Probability
Contents
Probability#
What does conditional probability mean?
%load_ext autoreload
%autoreload 2
%matplotlib inline
The autoreload extension is already loaded. To reload it, use:
%reload_ext autoreload
Imports#
from fastai import *
from aiking.data.external import *
import pandas as pd
Create Dataset#
push_ds("https://raw.githubusercontent.com/AllenDowney/BiteSizeBayes/master/gss_bayes.csv", dsname='thinkbayes')
list_ds()
(#4) ['oxford-iiit-pet','mktr','california-housing-prices','thinkbayes']
ds = get_ds('thinkbayes'); ds.ls()
(#1) [Path('/gdrive/PPV/S_Personal_Study/aiking/data/thinkbayes/gss_bayes.csv')]
Note
Linda is 31 years old, single, outspoken, and very bright. She majored in philosophy. As a student, she was deeply concerned with issues of discrimination and social justice, and also participated in anti-nuclear demonstrations. Which is more probable?
Linda is a bank teller.
Linda is a bank teller and is active in the feminist movement
df = pd.read_csv(ds/'gss_bayes.csv'); df.head()
caseid | year | age | sex | polviews | partyid | indus10 | |
---|---|---|---|---|---|---|---|
0 | 1 | 1974 | 21.0 | 1 | 4.0 | 2.0 | 4970.0 |
1 | 2 | 1974 | 41.0 | 1 | 5.0 | 0.0 | 9160.0 |
2 | 5 | 1974 | 58.0 | 2 | 6.0 | 1.0 | 2670.0 |
3 | 6 | 1974 | 30.0 | 1 | 5.0 | 4.0 | 6870.0 |
4 | 7 | 1974 | 48.0 | 1 | 5.0 | 4.0 | 7860.0 |
Note
caseid: Respondent id (which is the index of the table).
year: Year when the respondent was surveyed.
age: Respondent’s age when surveyed.
sex: Male or female.
polviews: Political views on a range from liberal to conservative.
partyid: Political party affiliation, Democrat, Independent, or Republican.
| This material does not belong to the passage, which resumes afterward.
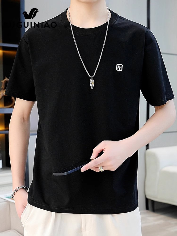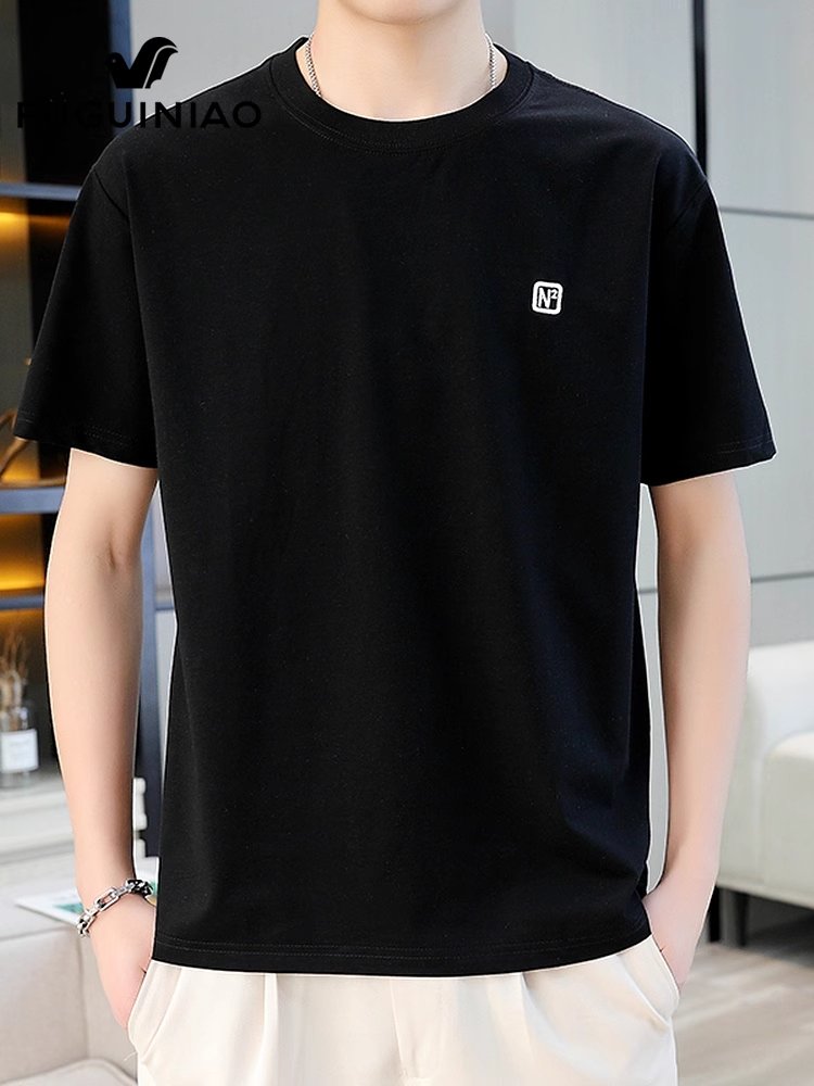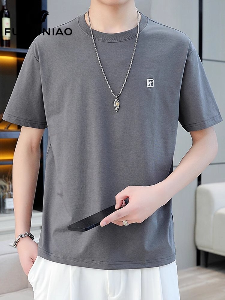 富贵鸟白色短袖t恤男士夏季新款半袖上衣服宽松休闲圆领体恤男装

indus10: Code for the industry the respondent works in.
Banking and related code : 6870
Probability Function#
df.nunique()
caseid 4376
year 29
age 72
sex 2
polviews 7
partyid 8
indus10 270
dtype: int64
banker = (df['indus10'] == 6870); banker
0 False
1 False
2 False
3 True
4 False
...
49285 False
49286 False
49287 False
49288 False
49289 False
Name: indus10, Length: 49290, dtype: bool
banker.sum()
728
np.round(banker.mean()*100, 1) # Percentage of bankers in population -> Probability of a random person choosen in dataset to be a banker
1.5
def prob(A):
"""Computes probability of a proposition"""
return A.mean()
prob(banker)
0.014769730168391155
Note
1 Male 2 Female
female = (df['sex'] == 2)
prob(female)
0.5378575776019476
Note
Extremely liberal
Liberal
Slightly liberal
Moderate
Slightly conservative
Conservative
Extremely conservative
liberal = (df['polviews'] <=3)
prob(liberal)
0.27374721038750255
Strong democrat
Not strong democrat
Independent, near democrat
Independent
Independent, near republican
Not strong republican
Strong republican
Other party
democrate = (df['partyid'] <= 1); prob(democrate)
0.3662609048488537
Conjunction#
prob (A and B) - Both A & B are true
prob(banker & democrate)
0.004686548995739501
Conditional Probability#
Probability given a condition
E.g. -> Of all respondents who are liberal what fraction are Democrats
prob(democrate[liberal])
0.5206403320240125
len(democrate[liberal])
13493
len(democrate)
49290
len(female)
49290
len(female[banker])
728
prob(female[banker])
0.7706043956043956
def conditional(proposition, given):
""" Probability of A conditioned on given"""
return prob(proposition[given])
conditional(liberal, given=female)
0.27581004111500884
conditional(female, given=liberal)
0.5419106203216483
prob(liberal & female)
0.14834652059241227
prob(female & liberal)
0.14834652059241227
conditional(female, given=banker), conditional(banker, given=female)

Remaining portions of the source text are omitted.